On 22 October 2004, at approximately 0510 Australian Eastern Standard Time, an Australian registered (VH-EBU), Boeing Company 747-338 aircraft, was being operated on a scheduled passenger service from Honolulu, in the United States of America, to Sydney, Australia.  Near the instrument flight rules reporting point ISTEM, located approximately 700 nautical miles north-east of Sydney, the flight crew had been cleared by air traffic control to climb from flight level (FL) 340 to FL360.  When the crew set climb thrust on the engines, they reported that they felt a vibration in the aircraft and the number-3 engine airborne vibration monitor lights illuminated, indicating that the number-3 engine had an abnormal vibration level.  The crew shut down the number-3 engine and continued to Sydney.

A subsequent engineering examination of the number-3 engine indicated that a low pressure turbine (LPT) second stage blade had failed.  The engine, a Rolls-Royce RB211-524D4 turbofan, serial number 12682, was removed from the aircraft and the recovered LPT blade fragments were sent to the Australian Transport Safety Bureau (ATSB) for detailed examination.  At the time of the failure, the engine had a recorded time in service of 71,200 hours and 11,221 cycles since new and 14,787 hours and 2,513 cycles since repair. The ATSB examination revealed that the LPT blade had failed as a result of high cycle fatigue cracking (HCF), originating at an anomalous inclusion in the blade material. Details of the failed LPT blade examination are contained in the Technical Analysis report (Appendix A).

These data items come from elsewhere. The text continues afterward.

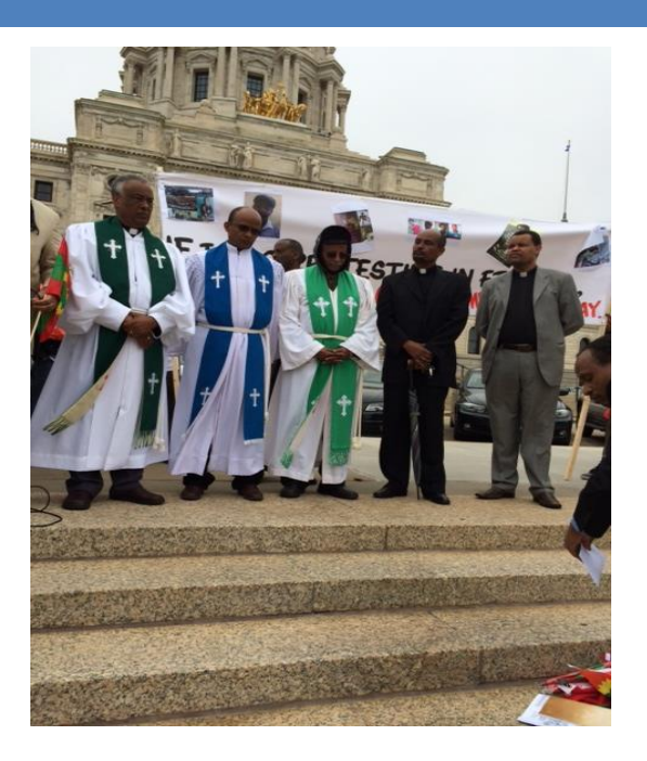
Oromo Churches Pastors in the Twin Cities area at the gatherings at Minnesota State Capital

On Friday 05/09/14, demonstration was organized by the Oromo Community in Minnesota at the Minnesota State Capital. Our congregation members, led by our pastor, joined the rally. OROECM pastors appeared dressed in their pastoral vests and joined other Oromo church leaders from the Twin Cities area and the Muslim and Waaqeffataa religious leaders. Words of encouragement and prayers for peace were made by the Pastor, people affirmed to pray for and stand by all oppressed people facing injustice, in current instance our Oromo People.
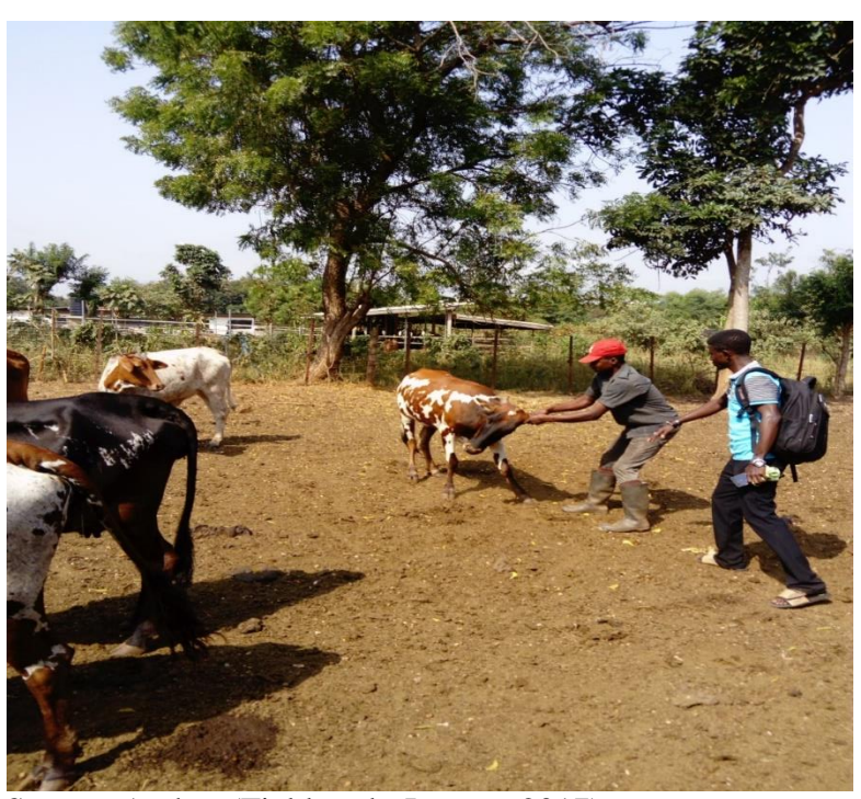
Figure 4: A picture of the researcher and a herdsman during an interview
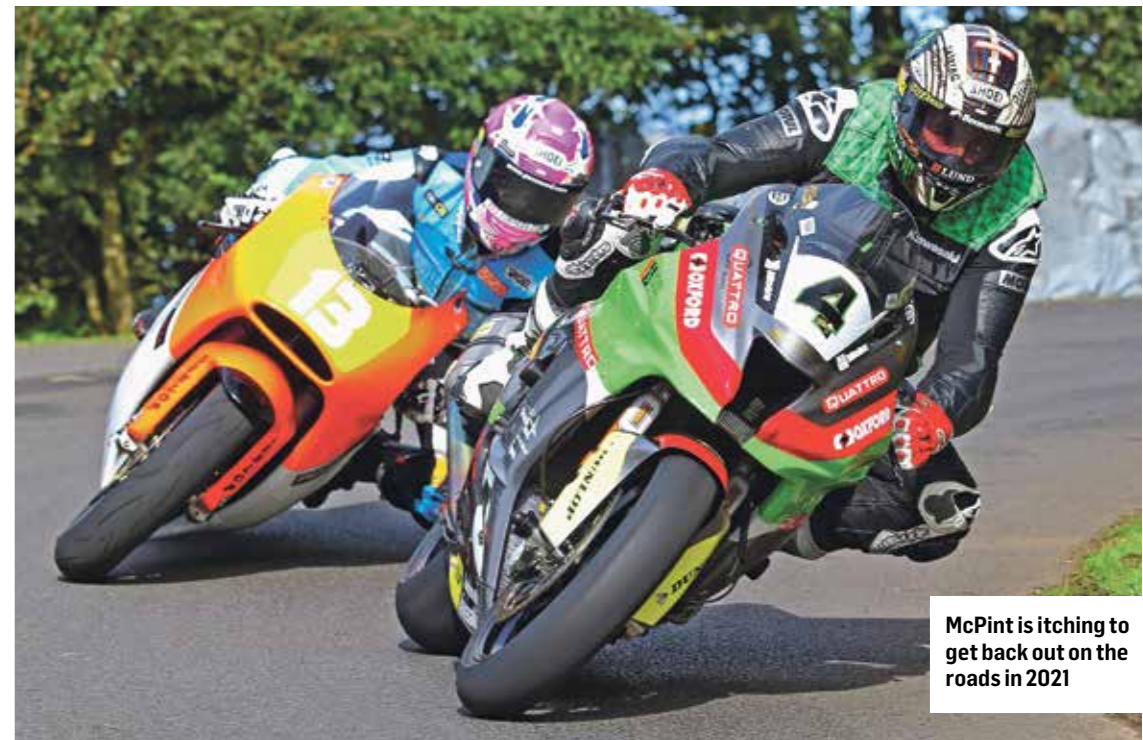
McPint is itching to get back out on the roads in 2021

which will mix classes up a bit We could see a bit more focus on Superstock too, which makes sense. They look spectacular, they do 133, 134mph laps and are dead reliable. Plus you could ride the same bike in Superstock, Superbike and the Senior. They are talking about changing the schedule and if they do they'll need to be a bit careful. It's alright sitting in the control tower but wrestling a bike round the TT course isn't easy and 11 laps is over 400 miles... flat out! But one thing that is really good about the TT is that the organisers speak to the riders. They don't
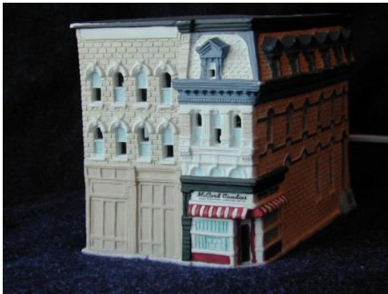
McCord's Candies (2001)
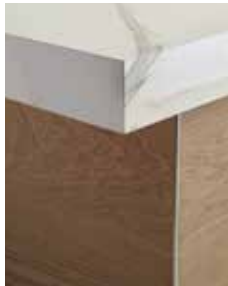
5.6mm Field Applied Bullnose
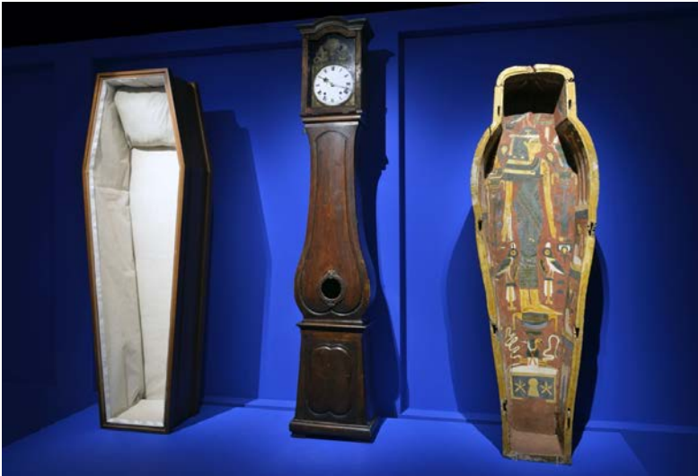
Figure 2- Un cercueil, un morbier et une cuve de sarcophage égyptien dans l'exposition "C'est pas la mort !", réalisée en 2015 par des étudiants en ethnologie et en muséologie de l'Université de Neuchâtel, en collaboration avec l'équipe du MEN.

Pour les premiers, ces travaux appliqués constituent une initiation par la pratique aux approches expographiques développées dans ce musée.

Previous LPT blade failures

The engine manufacturer reported that there had been three previous LPT blade failures in this engine type.  Two of the events were attributed to engine fuel mal-distribution and subsequent blade excitation, leading to HCF and failure.  There was no detail provided on the third event. The failure of this blade type was a rare event, given that the engine type has accumulated in excess of 25 million flight hours in service.

LPT blade life monitoring

The LPT blades in the Rolls-Royce RB-211 series engines do not have a defined blade retirement life and are maintained on condition; being monitored throughout their service life by inspection and engine trend analysis.  Once the engine LPT performance parameters change to pre-determined levels, the engine is removed for overhaul or repair.  During engine overhaul, the LPT blades are subject to inspections to determine if they meet the dimensional requirements for continued service.  LPT blades may be exchanged between various engines during this process.

The engine manufacturer's Time Limits Manual for RB211-524 series engines specified that LPT blades are 'Group B' parts and states that it is 'considered necessary to life mark or maintain life records of Group B parts'. While it was evident that engine serial number 12682 had been overhauled in accordance with the manufacturer's requirements, the individual LPT blades' service lives were not recorded and so the age and life history of the failed blade could not be determined.